**Exercise description:** Find the line with "Durante la noche" in the data below. Repeat it and every line after it exactly, but not the pictures.

Segment Start: Extracted data

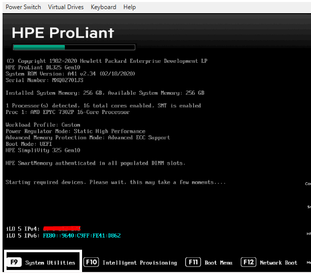 Sunucuyu yeniden başlatıyoruz ve F9 tuşu ile System Utilities menüsüne geçiyoruz.
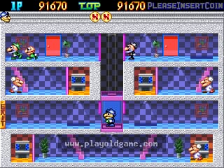 Each level is populated with enemy scientists and agents, and any contact with these will result in the loss of a life. To help combat this, players are armed with a 'stun gun' which will knock the enemy to the floor, allowing the player to pass. If an enemy is held in the stun gun's beam for several seconds, the enemy will fall to the platform below.
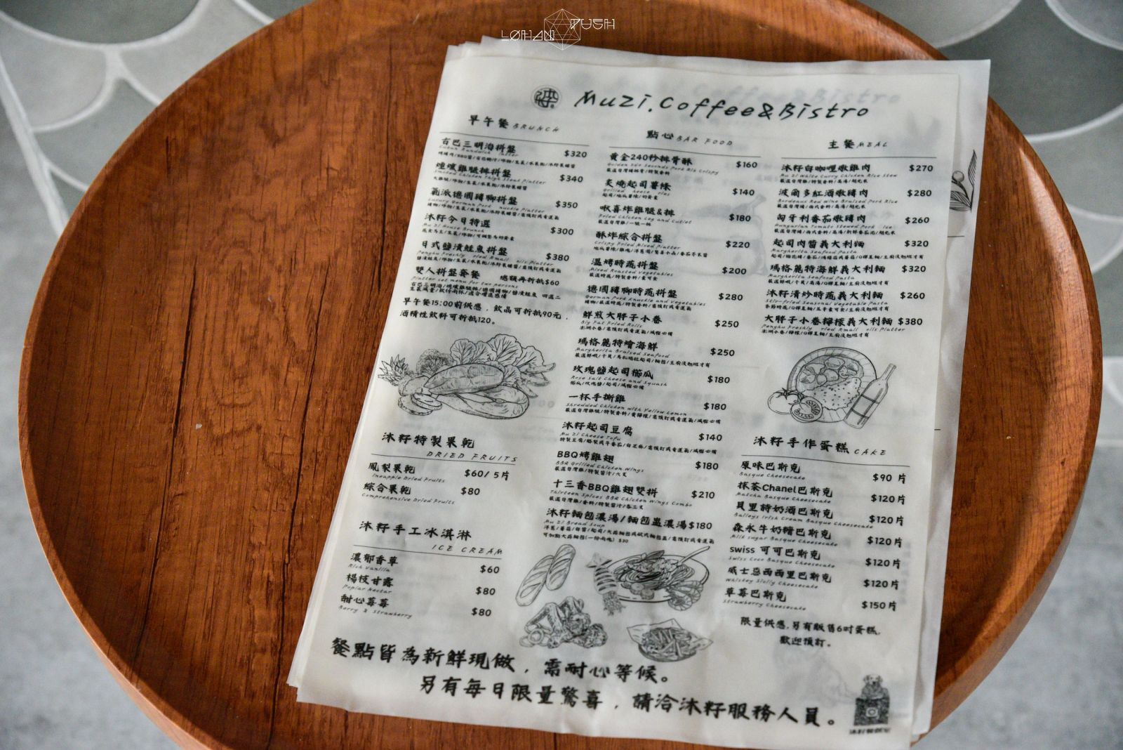 沐籽餐創室的餐點選擇不少,主要分成鹹食、甜點及飲料,鹹食部分有早午餐、主餐還有各式點心,飲料種類很多,區分有酒精及無酒精,還有其他咖啡、果汁及冰沙等。
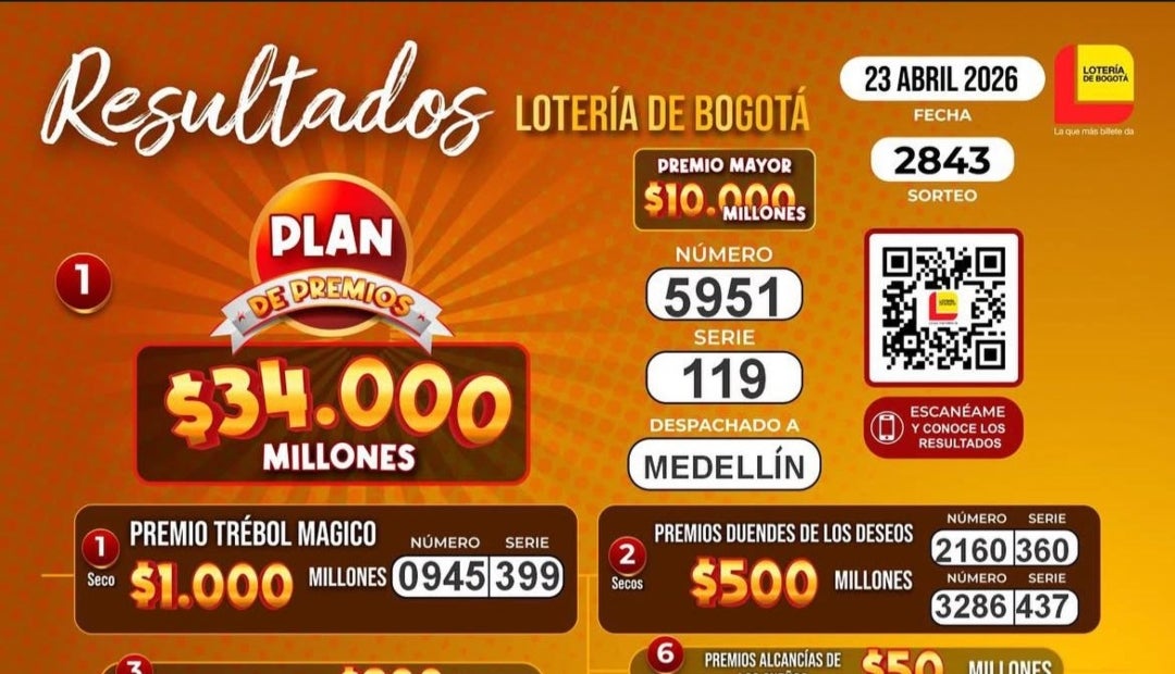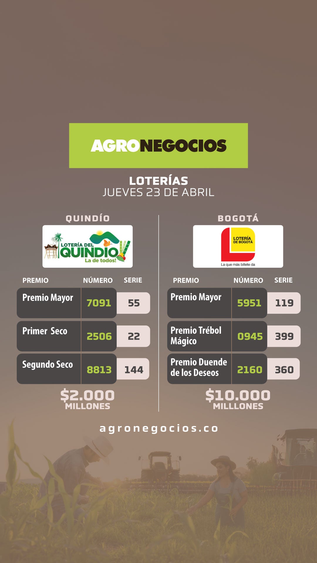Durante la noche del jueves 23 de abril, se llevaron a cabo los sorteos 2843 de la Lotería de Bogotá y 3011 de la Lotería del Quindío, con premios mayores de $10.000 y $2.000 millones. Estos fueron acompañados de varios secos de $1.000, $500, $300, $200, $100, $50, $20 y $10 millones.
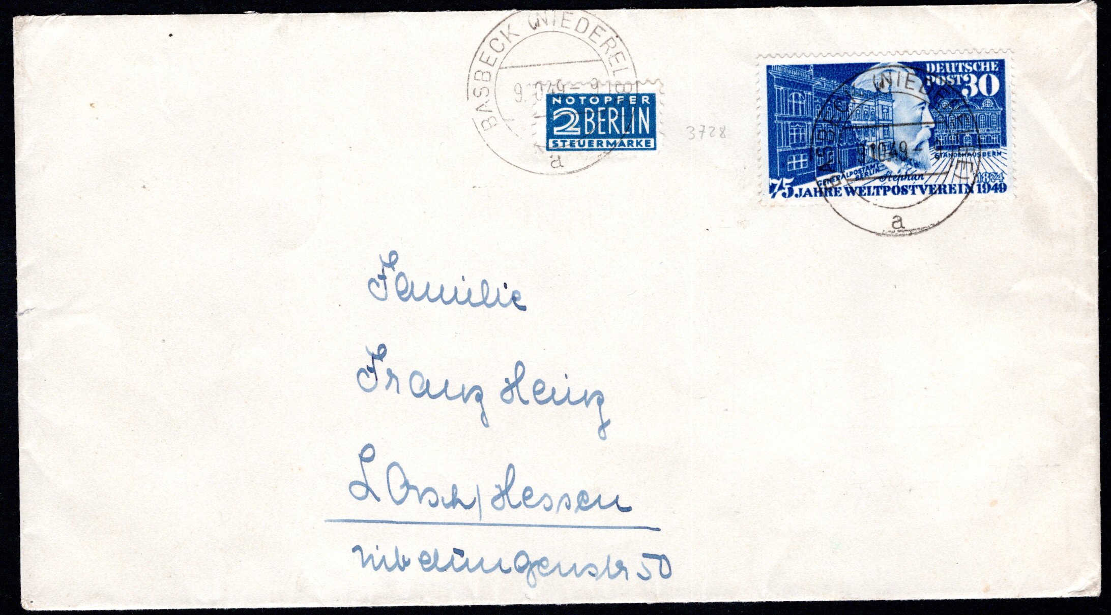 Bedarfs-FDC mit Notopfermarke, Pracht (Cat Value 1400) (Image)

Segment End: Extracted data

**Finished task:**
Durante la noche del jueves 23 de abril, se llevaron a cabo los sorteos 2843 de la Lotería de Bogotá y 3011 de la Lotería del Quindío, con premios mayores de $10.000 y $2.000 millones. Estos fueron acompañados de varios secos de $1.000, $500, $300, $200, $100, $50, $20 y $10 millones.
 Bedarfs-FDC mit Notopfermarke, Pracht (Cat Value 1400) (Image)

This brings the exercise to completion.